Foley
A generative programme that listens to its environment and reconstructs its genetic code.
produced by: Howard Melnyczuk
Foley uses a genetic algorithm to process live audio input, and from this, it is able to build a shape on screen. This means that what is shown is both a live representation of sound and a short history of the environment. Foley is designed to be left running in a space so that it can harmonise with the room and changes drastically only when there is a major change in the sonic texture.
The shape on screen is made using a series of DNA-sets with genes controlling the placement and the colouring of these. This is then bred with a similar genetic code that is generated live using audio data that has been processed through a Fast Fourier Transformation algorithm (using Kyle MacDonald's ofxFFT addon), the fitness of which is linked to the volume of the sound at any given time.

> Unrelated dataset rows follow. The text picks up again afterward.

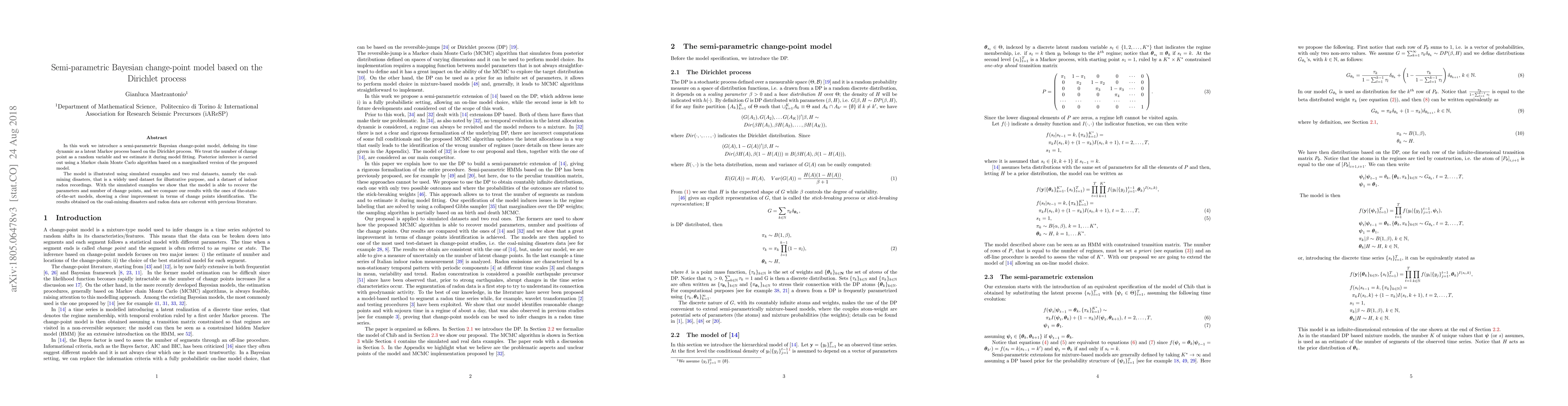This paper proposes a semi-parametric Bayesian change-point model based on the Dirichlet process, estimating the number of change points as a random variable. The model uses Markov chain Monte Carlo for posterior inference and demonstrates improved performance in identifying change points compared to state-of-the-art models through simulations and real-world datasets like coal-mining disasters and radon recordings.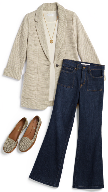 A knit blazer paired with wide-leg jeans is a stylish and comfortable business casual outfit. Choose a blazer in a neutral tone and pair it with dark-wash jeans. Add a simple top underneath.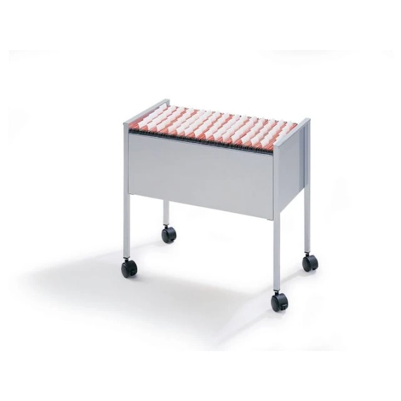 Lag et effektivt, mobilt arkiveringssystem med denne hengemappevognen som rommer opptil 80 mapper. Gjør arkiveringssystemet ditt mobilt med denne allsidige hengemappevognen. Den har fire hjul, to av dem låsbare, og ruller jevnt av gårde for å holde viktig informasjon innenfor rekkevidde. Den holdbare metallrammen og rikelige lagringskapasiteten gjør denne hengemappevognen ideell for daglig bruk på et travelt kontor. - Solid, skripebestandig design - robust, pulverlakkert metallramme - fire hjul på føttene, to av dem er låsbare - Kapasitet: 80 hengemapper - Farge: grå - Størrelse: 65,5 x 36,8 x 59,2 cm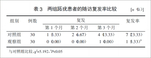 隨訪3個月,對照組共有7例復發(fā)(23.33%),觀察組1例復發(fā)(3.33%),2組復發(fā)率比較差異具有統(tǒng)計學意義(P<0.05)(表3)。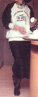 「PINK HOUSE SHIMPA CLUB」のロゴ入り。ユリさんのトレーナー姿は大変珍しい。’83年の11月に完成した新居のダイニングキッチンで。一日のほとんどをここで過ごしていた…クロワッサン1984年4月10日号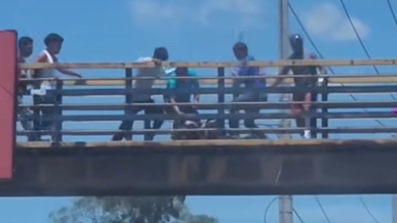 A medida que pasaban los minutos, más hombres iban subiendo a la parte alta del puente para sumarse a darle una lección al sujeto.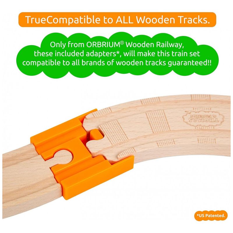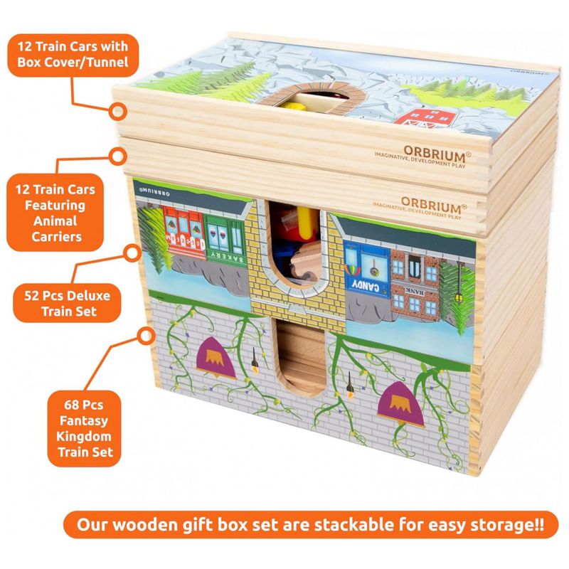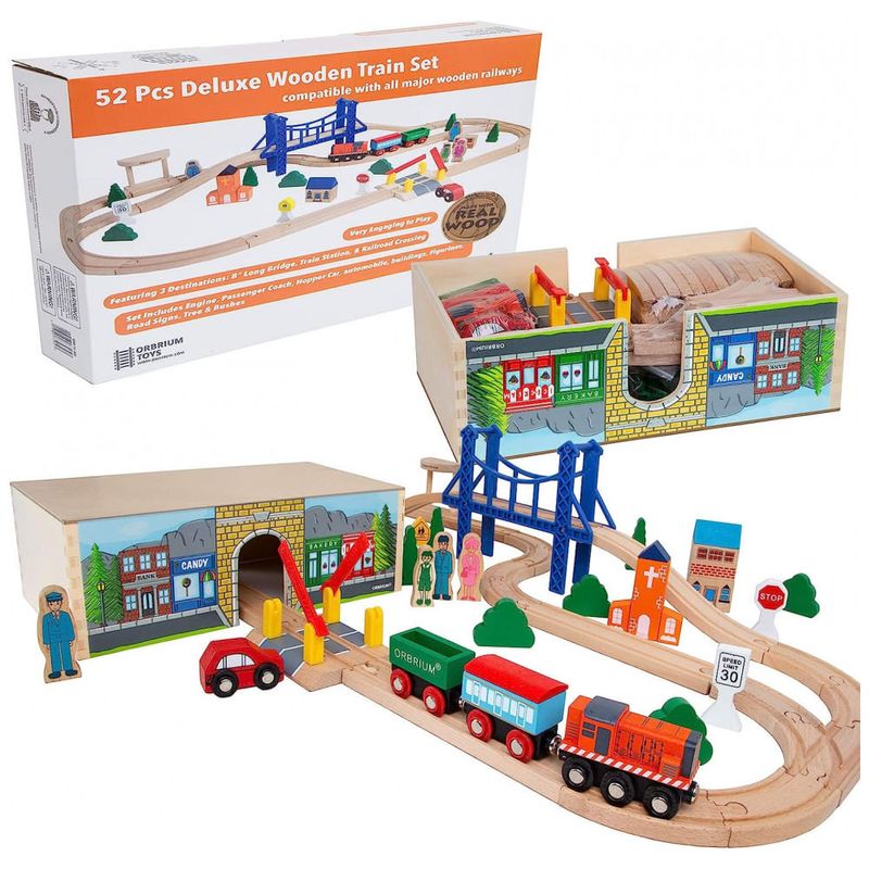 O conjunto completo de 52 peças inclui trilhos de madeira premium, motor, ônibus de passageiros, carro funil, automóvel, edifícios, estatuetas, sinais de trânsito, árvores e arbustos.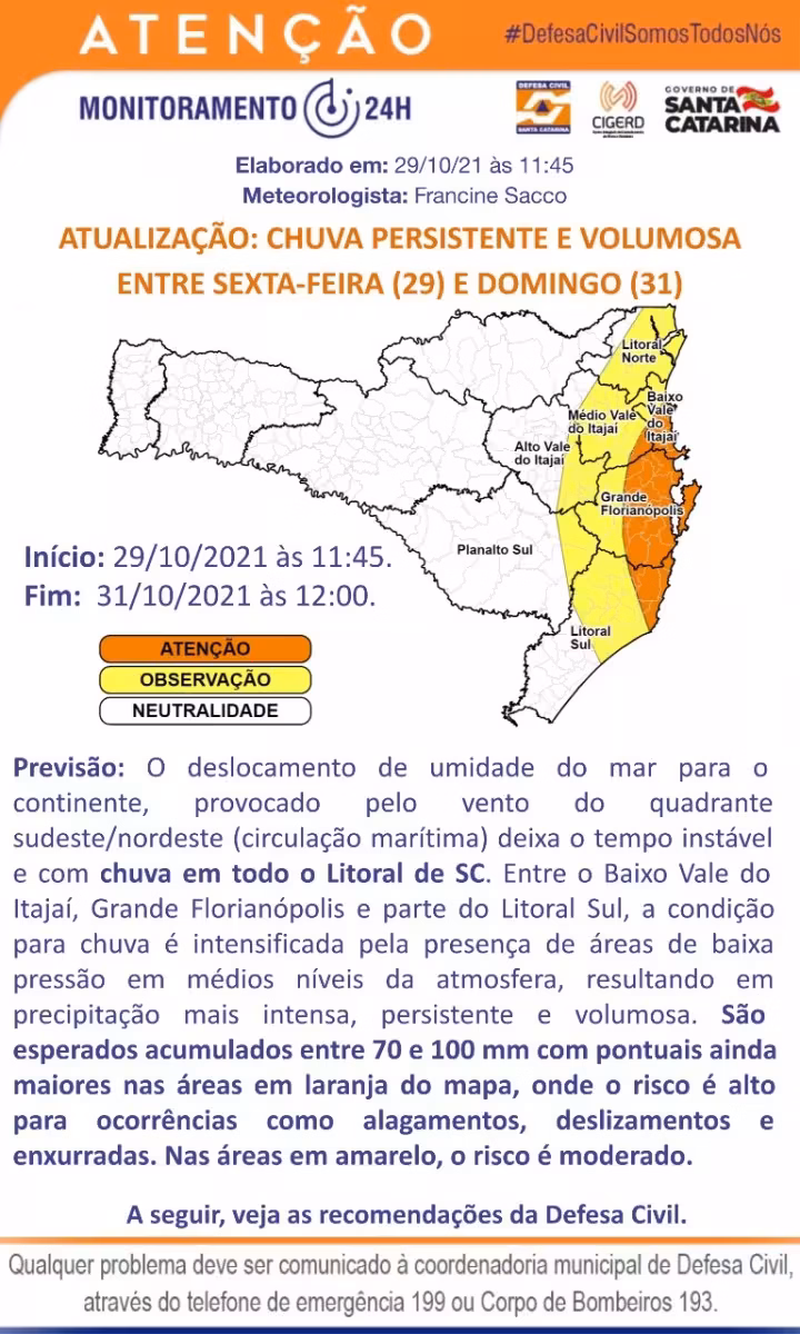Na tarde desta sexta-feira, 29, a Defesa Civil de Brusque informou que recebeu da Coordenadoria Estadual do órgão, aviso meteorológico de chuva persistente e volumosa na região até domingo, 31. São esperados acumulados entre 70 e 100 milímetros. Porém, p aviso prevê pontuais ainda maiores em determinadas regiões do estado, com alto risco para alagamentos, deslizamentos e enxurradas.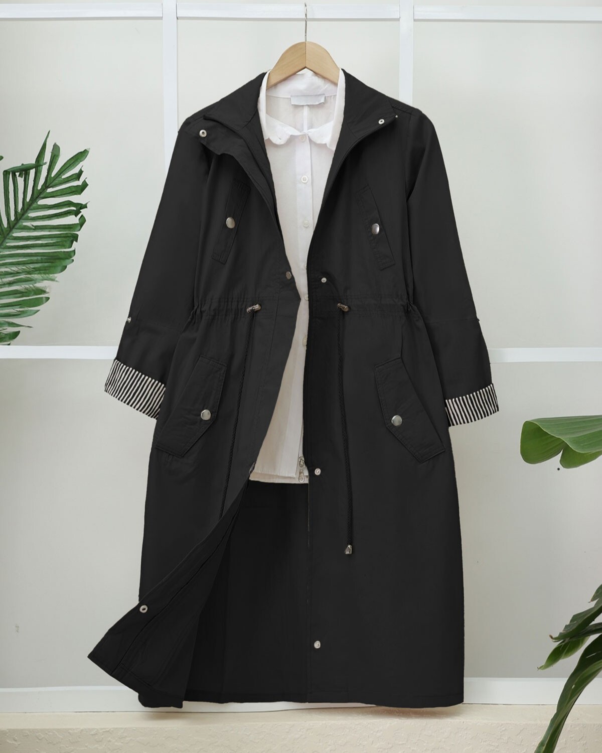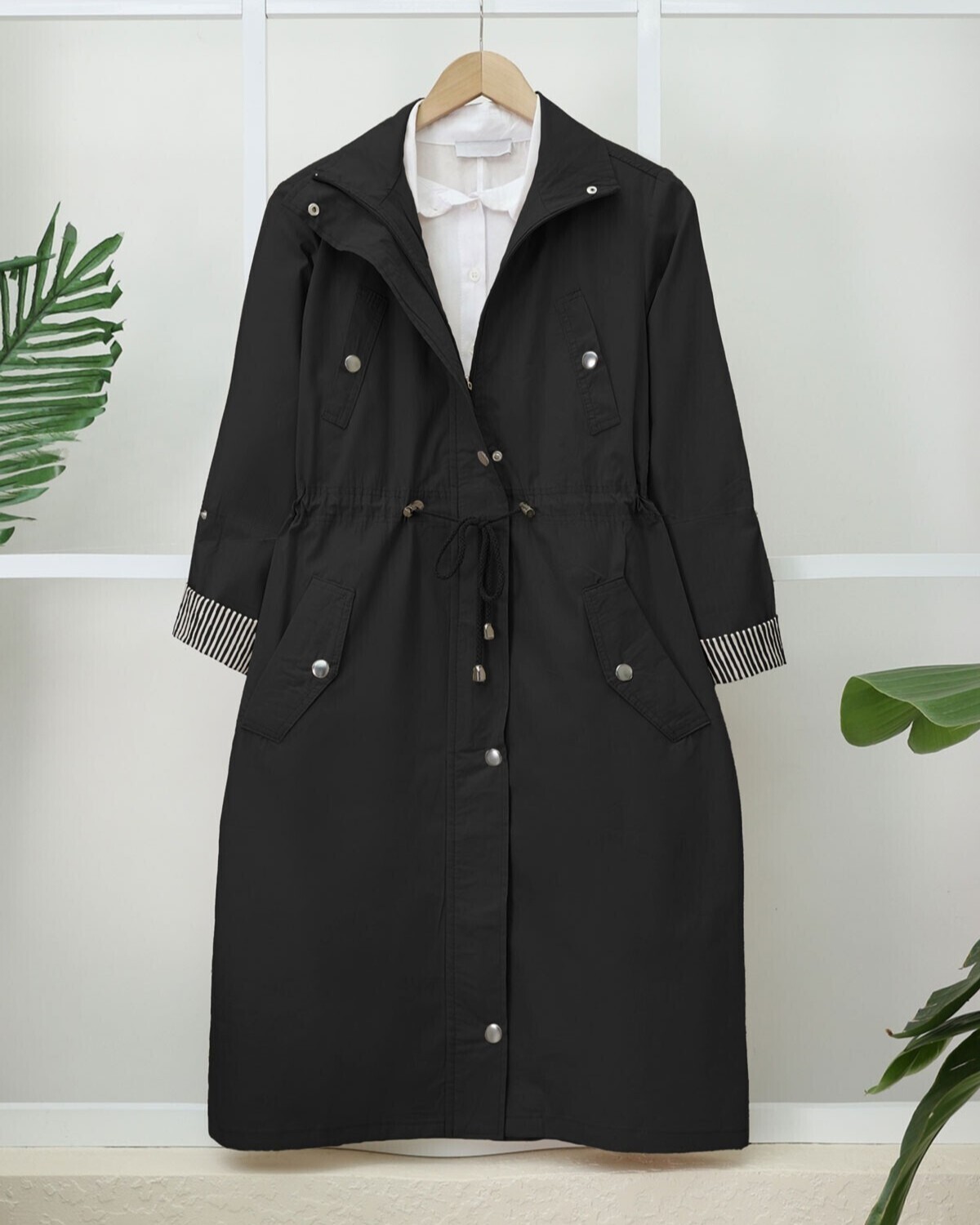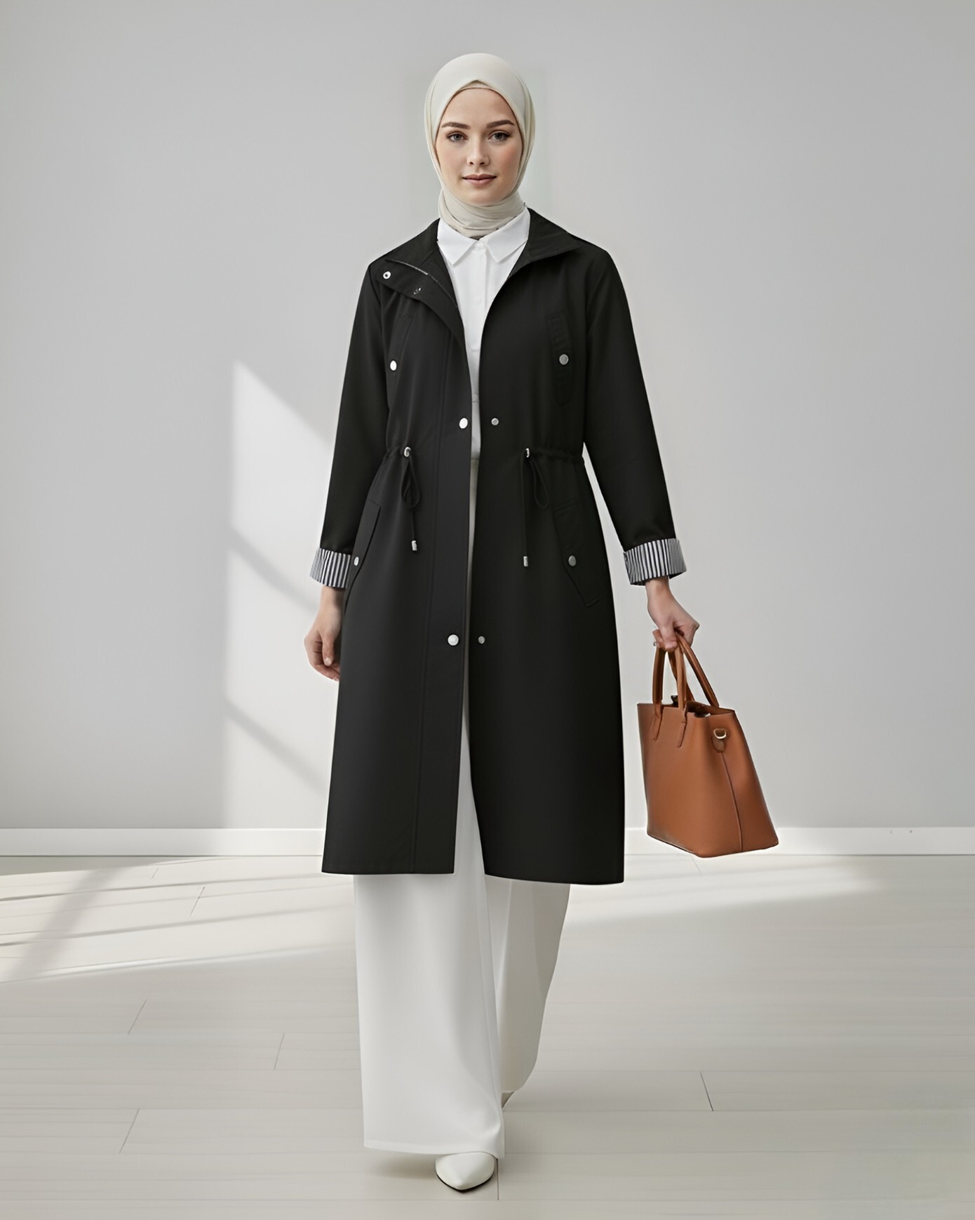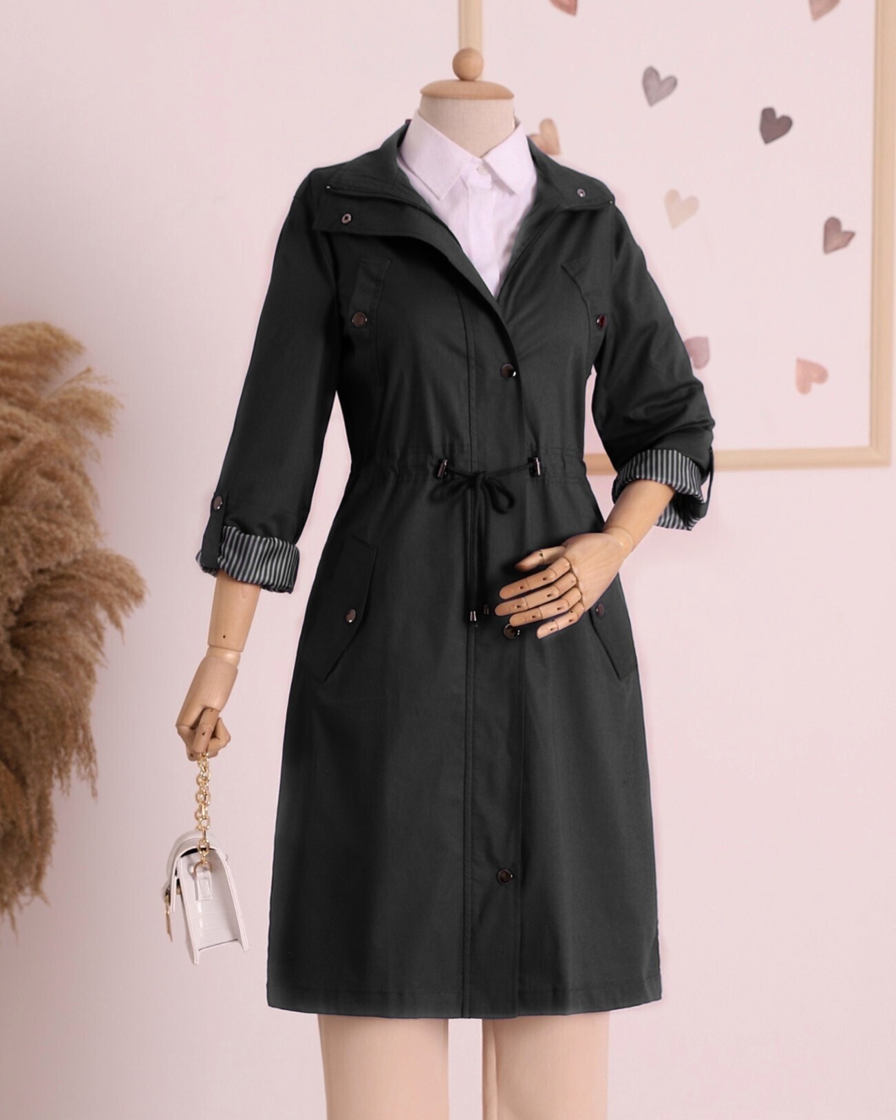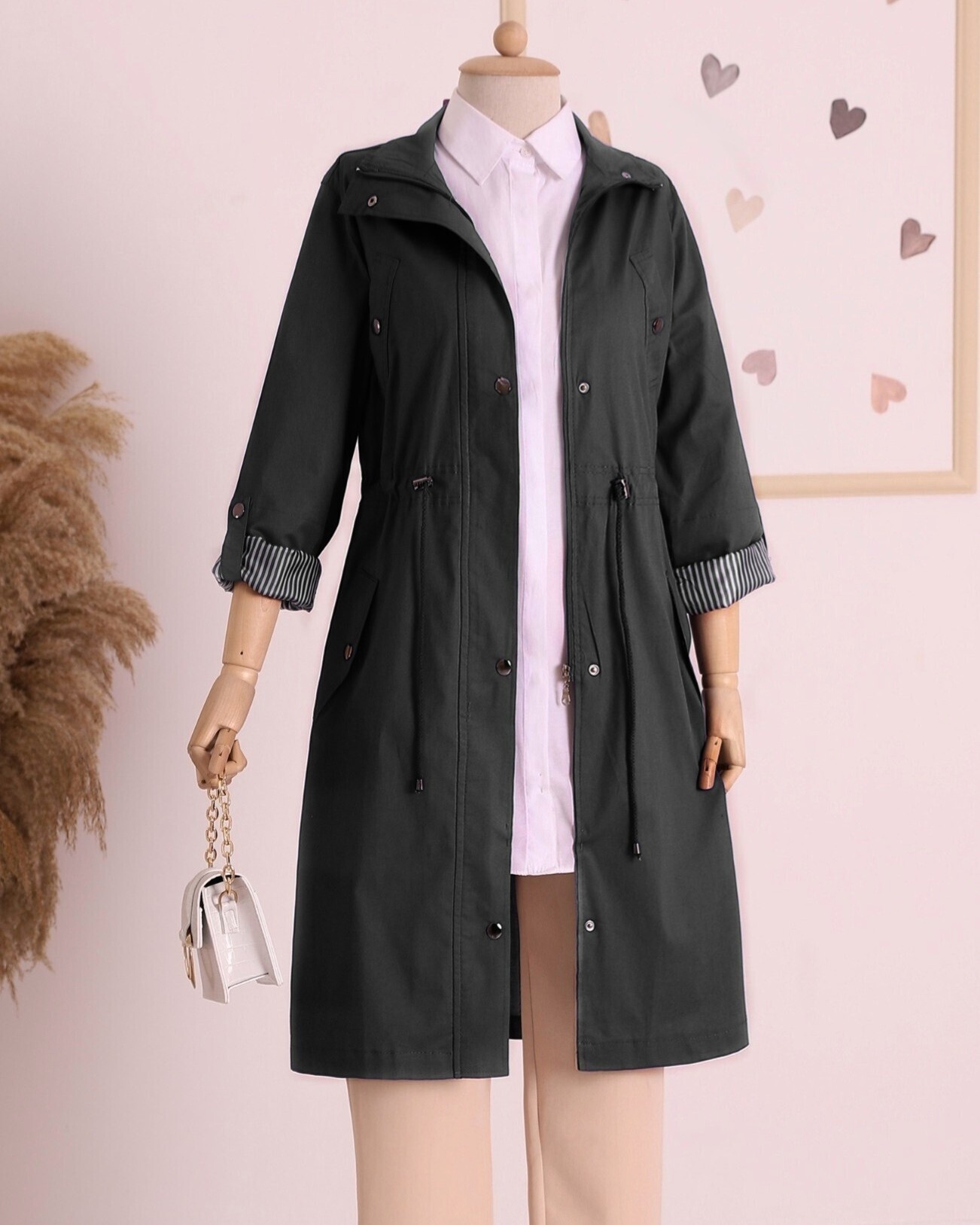 Önden fermuarlı, çıtçıtlı, kolları katlamalı, 2 cepli, beli büzgülü trençkot modelimiz yeni sezonun en trend modelleri arasında yerini almıştır.

I wanted to take the traditional and somewhat overdone concept of sound visualisation and attempt to twist it into something new and (hopefully) more complex and interesting. Given that the sound is only represented when in as far as it mutates the existing code, I feel I have begun on a journey towards this. Foley is beautiful to watch and interesting to return to. It is intriguing to run in different locals given that it is genuinely different in different sounding places.
Moving forward, I would like to first improve the FFT processing. This is a very complex and deep area of sound computing and I have only dipped my toe in. By improving the analysis of the incoming sound, I hope to build a stronger algorithm that does more to understand the real textural differences between soundscapes.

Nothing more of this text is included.